Thriving at Work - The Stevenson/Farmer Review of mental health and employers 2017
Mind’s Chief Executive Paul Farmer, together with Lord Dennis Stevenson, was asked in January 2017 by the government to carry out an independent review into how employers can better support individuals with mental health problems remain in and thrive in work. The result of the extensive review were published on 26 October 2017.
The review was supported by an independent study on the cost to employers of the mental health problems of staff which was carried out by Deloitte. This found:
- There is an annual cost to employers of between £33 billion and £42 billion each year made up of the cost of presenteeism (when individuals attend work but are less productive because of their mental health problem), sickness absence and staff turnover
- Poor mental health costs government between £24 billion and £27 billion in lost tax revenue, benefits and NHS cost each year
- Poor mental health costs the UK economy as a whole between £74 billion and £99 billion per year
- Around 300,000 with a long-term mental health condition lose their jobs each year.
These figures are shocking. They also make clear that it is massively in both employers’ and the government’s interest to invest more in improving the nation’s mental health. Mind is more concerned about the human cost behind these numbers.

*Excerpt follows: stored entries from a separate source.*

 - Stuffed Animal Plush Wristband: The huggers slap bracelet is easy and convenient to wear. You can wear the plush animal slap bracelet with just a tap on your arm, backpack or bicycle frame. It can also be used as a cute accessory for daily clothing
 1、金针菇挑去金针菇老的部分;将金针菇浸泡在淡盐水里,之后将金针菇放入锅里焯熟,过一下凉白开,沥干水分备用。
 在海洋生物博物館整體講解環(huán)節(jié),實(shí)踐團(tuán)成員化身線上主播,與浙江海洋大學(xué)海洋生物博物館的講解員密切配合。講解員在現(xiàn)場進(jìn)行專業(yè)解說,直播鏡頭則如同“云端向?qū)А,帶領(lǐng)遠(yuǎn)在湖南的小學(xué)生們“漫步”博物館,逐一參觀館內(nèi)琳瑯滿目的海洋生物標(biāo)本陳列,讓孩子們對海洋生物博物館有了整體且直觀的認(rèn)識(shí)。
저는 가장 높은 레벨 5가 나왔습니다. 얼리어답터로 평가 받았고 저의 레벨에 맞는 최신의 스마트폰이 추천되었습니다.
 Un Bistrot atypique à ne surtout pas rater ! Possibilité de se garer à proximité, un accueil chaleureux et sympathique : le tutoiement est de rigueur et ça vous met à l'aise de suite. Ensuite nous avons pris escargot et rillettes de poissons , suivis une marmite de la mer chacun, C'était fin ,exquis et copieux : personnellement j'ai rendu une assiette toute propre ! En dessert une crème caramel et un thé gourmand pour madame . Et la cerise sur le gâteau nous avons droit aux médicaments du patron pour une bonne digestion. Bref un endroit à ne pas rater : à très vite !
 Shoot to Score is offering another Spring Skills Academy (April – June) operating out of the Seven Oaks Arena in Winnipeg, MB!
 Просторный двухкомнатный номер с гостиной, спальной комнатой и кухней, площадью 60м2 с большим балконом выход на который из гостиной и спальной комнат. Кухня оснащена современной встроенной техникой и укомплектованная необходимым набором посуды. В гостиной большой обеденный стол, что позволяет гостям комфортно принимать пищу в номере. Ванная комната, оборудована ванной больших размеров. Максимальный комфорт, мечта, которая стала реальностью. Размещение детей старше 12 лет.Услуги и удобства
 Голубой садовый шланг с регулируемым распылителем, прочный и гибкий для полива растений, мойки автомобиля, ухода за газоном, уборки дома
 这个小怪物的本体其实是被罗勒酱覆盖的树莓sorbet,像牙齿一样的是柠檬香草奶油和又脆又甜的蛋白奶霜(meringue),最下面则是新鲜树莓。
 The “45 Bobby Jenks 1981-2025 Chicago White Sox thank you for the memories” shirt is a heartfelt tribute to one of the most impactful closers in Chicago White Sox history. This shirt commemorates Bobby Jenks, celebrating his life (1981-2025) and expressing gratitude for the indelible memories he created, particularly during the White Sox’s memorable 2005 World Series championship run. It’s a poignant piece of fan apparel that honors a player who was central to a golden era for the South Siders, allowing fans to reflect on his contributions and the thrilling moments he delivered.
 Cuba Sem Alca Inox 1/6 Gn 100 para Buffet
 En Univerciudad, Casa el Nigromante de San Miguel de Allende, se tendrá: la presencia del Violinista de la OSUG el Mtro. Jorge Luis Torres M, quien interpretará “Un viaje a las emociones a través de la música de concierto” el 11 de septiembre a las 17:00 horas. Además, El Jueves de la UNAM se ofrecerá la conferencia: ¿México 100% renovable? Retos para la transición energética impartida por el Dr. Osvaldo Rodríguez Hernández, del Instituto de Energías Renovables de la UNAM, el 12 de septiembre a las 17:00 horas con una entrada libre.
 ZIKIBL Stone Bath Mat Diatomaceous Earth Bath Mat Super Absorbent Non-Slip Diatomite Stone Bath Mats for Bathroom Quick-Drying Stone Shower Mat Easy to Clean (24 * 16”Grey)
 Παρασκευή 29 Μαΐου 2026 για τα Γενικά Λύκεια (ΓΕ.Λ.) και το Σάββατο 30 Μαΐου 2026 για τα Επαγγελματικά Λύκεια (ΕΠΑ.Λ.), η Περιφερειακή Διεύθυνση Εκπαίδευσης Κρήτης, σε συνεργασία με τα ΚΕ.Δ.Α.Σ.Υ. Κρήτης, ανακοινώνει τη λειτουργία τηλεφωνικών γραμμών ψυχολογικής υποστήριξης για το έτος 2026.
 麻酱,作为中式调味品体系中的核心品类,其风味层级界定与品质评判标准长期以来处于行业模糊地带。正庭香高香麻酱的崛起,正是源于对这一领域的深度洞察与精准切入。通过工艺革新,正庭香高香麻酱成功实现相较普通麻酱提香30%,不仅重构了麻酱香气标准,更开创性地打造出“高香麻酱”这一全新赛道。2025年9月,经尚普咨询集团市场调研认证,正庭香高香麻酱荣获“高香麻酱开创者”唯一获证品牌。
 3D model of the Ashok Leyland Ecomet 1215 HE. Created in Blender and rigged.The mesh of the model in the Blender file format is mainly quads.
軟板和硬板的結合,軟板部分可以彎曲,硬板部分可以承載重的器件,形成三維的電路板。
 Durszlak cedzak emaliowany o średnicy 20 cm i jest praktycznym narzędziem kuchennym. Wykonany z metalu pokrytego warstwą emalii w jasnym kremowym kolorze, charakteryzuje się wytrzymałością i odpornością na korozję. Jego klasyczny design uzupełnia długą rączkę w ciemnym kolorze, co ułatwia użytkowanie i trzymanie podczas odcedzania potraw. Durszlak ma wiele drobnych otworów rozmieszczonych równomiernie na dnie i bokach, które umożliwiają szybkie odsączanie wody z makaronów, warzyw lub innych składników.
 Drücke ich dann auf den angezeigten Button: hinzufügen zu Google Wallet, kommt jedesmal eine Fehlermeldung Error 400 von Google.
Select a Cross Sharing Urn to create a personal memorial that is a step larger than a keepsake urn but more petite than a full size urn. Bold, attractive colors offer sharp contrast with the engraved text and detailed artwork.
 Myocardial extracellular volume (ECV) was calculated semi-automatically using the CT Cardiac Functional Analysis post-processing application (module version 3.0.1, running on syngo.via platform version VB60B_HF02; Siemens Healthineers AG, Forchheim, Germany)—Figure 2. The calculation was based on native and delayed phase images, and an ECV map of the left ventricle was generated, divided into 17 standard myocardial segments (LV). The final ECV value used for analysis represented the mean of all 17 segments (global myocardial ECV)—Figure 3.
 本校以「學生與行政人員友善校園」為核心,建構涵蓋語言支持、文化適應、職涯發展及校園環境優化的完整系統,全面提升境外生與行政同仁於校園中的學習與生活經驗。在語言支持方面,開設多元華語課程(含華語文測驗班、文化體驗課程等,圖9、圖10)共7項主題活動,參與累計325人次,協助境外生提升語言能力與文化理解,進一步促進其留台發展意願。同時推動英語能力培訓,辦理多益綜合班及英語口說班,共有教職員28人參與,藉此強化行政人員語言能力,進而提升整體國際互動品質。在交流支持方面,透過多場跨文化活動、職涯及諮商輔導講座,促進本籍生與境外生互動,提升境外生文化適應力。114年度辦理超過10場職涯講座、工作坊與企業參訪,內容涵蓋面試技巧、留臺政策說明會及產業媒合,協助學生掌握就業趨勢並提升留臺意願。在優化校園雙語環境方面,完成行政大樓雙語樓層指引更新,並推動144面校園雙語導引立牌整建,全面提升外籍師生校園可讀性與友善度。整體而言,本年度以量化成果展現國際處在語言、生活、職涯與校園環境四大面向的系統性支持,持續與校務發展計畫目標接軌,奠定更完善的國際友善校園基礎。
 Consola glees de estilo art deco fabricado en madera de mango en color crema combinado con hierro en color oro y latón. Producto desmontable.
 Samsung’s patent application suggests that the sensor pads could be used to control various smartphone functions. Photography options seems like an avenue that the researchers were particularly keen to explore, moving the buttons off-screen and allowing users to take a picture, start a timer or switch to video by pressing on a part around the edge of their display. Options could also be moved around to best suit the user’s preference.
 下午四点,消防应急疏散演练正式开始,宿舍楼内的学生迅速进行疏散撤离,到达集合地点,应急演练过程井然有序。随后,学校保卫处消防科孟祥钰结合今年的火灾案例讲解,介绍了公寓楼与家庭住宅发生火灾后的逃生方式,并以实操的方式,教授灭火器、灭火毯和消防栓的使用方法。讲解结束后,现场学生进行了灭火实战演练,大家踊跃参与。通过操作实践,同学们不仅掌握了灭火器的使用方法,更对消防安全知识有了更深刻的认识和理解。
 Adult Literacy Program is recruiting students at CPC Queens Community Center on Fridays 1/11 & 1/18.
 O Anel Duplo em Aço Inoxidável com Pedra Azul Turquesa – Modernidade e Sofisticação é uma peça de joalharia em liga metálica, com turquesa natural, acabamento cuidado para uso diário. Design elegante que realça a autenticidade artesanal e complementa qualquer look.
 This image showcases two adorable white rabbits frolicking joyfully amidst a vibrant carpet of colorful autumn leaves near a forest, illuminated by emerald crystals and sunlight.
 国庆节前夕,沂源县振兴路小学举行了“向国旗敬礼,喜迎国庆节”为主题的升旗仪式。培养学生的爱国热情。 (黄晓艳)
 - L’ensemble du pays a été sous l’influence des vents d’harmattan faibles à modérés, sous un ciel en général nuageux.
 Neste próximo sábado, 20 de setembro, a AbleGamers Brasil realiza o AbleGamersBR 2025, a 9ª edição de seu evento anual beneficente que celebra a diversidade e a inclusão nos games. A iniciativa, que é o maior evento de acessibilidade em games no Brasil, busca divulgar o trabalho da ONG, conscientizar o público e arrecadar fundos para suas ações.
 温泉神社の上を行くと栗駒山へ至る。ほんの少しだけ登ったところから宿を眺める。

Thriving at Work sets out a vision as to how progress can be achieved. The report’s authors envisage that in ten years’ time a number of changes will have happened:-
- Employees in all types of employment will have “good work” (consisting of autonomy, fair pay, work life balance, opportunities for progression and the absence of bullying and harassment)
- All of us will have the knowledge, tools and confidence to look after our own mental health and those around us
- All employers of all sizes will be:
- Equipped with the awareness and tools to address and prevent mental ill-health caused or worsened by work
- Equipped to support individuals with mental health problems to thrive within the organisation
- Aware of how to access help to reduce sickness absence caused by mental ill-health
- The numbers of people with mental health problems leaving employment each year will dramatically reduce.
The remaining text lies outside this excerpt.